• [Directions] Within the entries below, please retype exactly the lines starting with the line that has "中老年人女装棉衣60-70岁80妈妈装冬装羽绒棉服老人奶奶外套连帽" and going on through the line that has "Kuddfodralet i slitstarkt", but not the pictures.

• [Extracted entries]
╔══

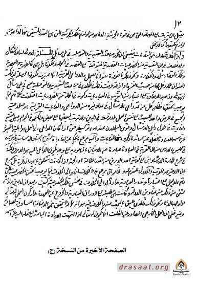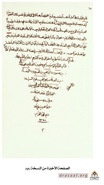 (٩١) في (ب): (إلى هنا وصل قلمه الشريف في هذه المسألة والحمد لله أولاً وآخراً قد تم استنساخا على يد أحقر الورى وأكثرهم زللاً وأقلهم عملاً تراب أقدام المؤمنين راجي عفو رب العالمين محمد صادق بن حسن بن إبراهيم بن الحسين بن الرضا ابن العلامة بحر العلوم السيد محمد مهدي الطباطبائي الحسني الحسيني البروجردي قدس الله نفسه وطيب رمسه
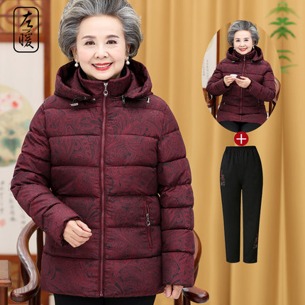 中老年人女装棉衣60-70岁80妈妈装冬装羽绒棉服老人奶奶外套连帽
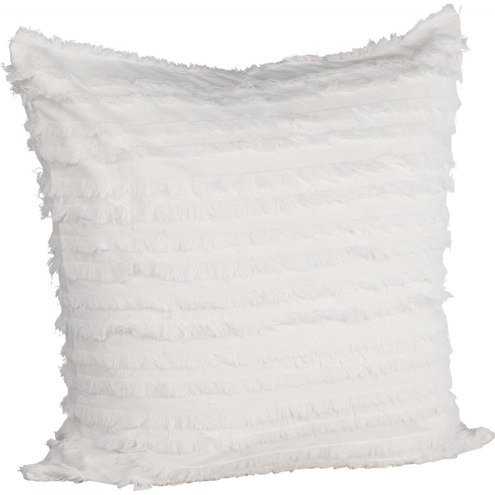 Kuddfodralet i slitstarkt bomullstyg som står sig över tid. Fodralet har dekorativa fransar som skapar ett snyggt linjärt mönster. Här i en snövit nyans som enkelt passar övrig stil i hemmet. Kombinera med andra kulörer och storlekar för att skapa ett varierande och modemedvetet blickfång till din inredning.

╚══
╔══

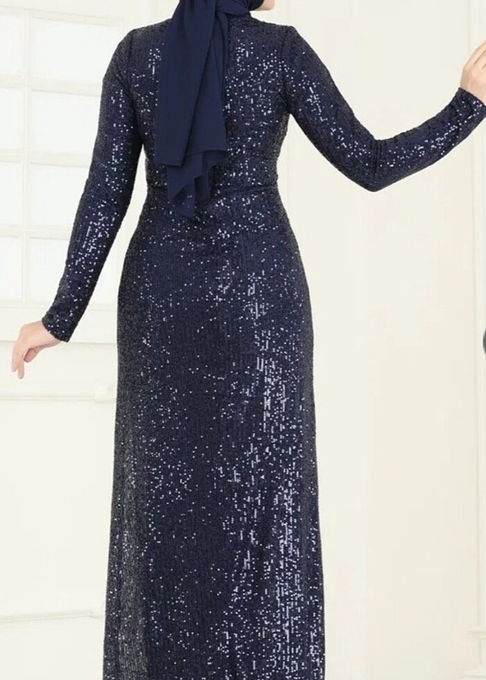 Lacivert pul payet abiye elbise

╚══
╔══

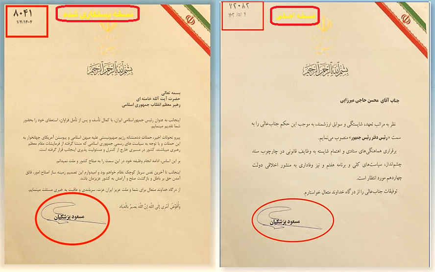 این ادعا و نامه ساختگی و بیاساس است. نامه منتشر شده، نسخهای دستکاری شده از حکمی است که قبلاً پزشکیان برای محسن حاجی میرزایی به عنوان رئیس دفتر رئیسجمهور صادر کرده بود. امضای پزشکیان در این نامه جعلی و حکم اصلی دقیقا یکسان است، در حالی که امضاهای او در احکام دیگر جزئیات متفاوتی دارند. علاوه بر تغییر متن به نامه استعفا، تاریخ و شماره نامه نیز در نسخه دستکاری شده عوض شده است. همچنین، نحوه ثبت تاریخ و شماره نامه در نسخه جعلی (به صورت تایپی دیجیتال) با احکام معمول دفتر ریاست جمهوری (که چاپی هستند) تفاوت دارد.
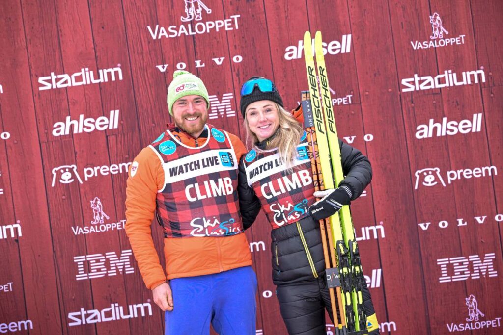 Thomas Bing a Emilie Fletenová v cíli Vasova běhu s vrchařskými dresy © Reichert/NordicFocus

╚══

• [Response area]
 中老年人女装棉衣60-70岁80妈妈装冬装羽绒棉服老人奶奶外套连帽
 Kuddfodralet i slitstarkt bomullstyg som står sig över tid. Fodralet har dekorativa fransar som skapar ett snyggt linjärt mönster. Här i en snövit nyans som enkelt passar övrig stil i hemmet. Kombinera med andra kulörer och storlekar för att skapa ett varierande och modemedvetet blickfång till din inredning.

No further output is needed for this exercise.